The result should be the full listing copied exactly, with no pictures in it.

Data below Start Marker

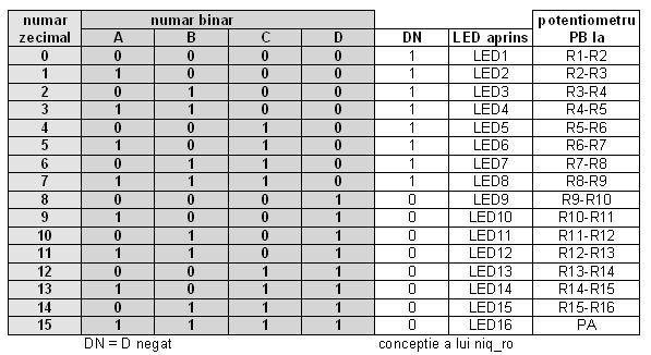 Un potentiometru digital cu 16 trepte care sa afiseze pe 16 LED-uri starea poate fi realizat cu integrate
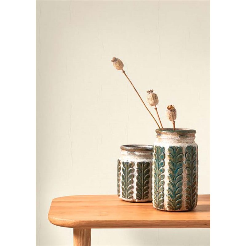 Papel pintado vinílico efecto textil beige claro o color vainilla, perfecto para espacios que buscan personalidad sin excesos.
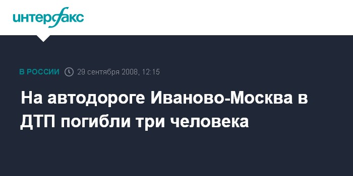 Москва. 29 сентября. INTERFAX.RU - В районе деревни Плясуниха Лежневского района Ивановской области, на автодороге "Волга-1" в ночь на понедельник произошло ДТП, в котором погибли три человека, еще трое получили тяжелые травмы, сообщили "Интерфаксу" в пресс-службе управления ГИЮДД облУВД.
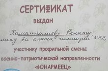 Сертификаты учасников профильной смены военно- патриотической направленности "ЮНАРМЕЕЦ" были вручены учащимся гимназии! 03.12.2019

Data below End Marker

_Response box_.
 Un potentiometru digital cu 16 trepte care sa afiseze pe 16 LED-uri starea poate fi realizat cu integrate
 Papel pintado vinílico efecto textil beige claro o color vainilla, perfecto para espacios que buscan personalidad sin excesos.
 Москва. 29 сентября. INTERFAX.RU - В районе деревни Плясуниха Лежневского района Ивановской области, на автодороге "Волга-1" в ночь на понедельник произошло ДТП, в котором погибли три человека, еще трое получили тяжелые травмы, сообщили "Интерфаксу" в пресс-службе управления ГИЮДД облУВД.
 Сертификаты учасников профильной смены военно- патриотической направленности "ЮНАРМЕЕЦ" были вручены учащимся гимназии! 03.12.2019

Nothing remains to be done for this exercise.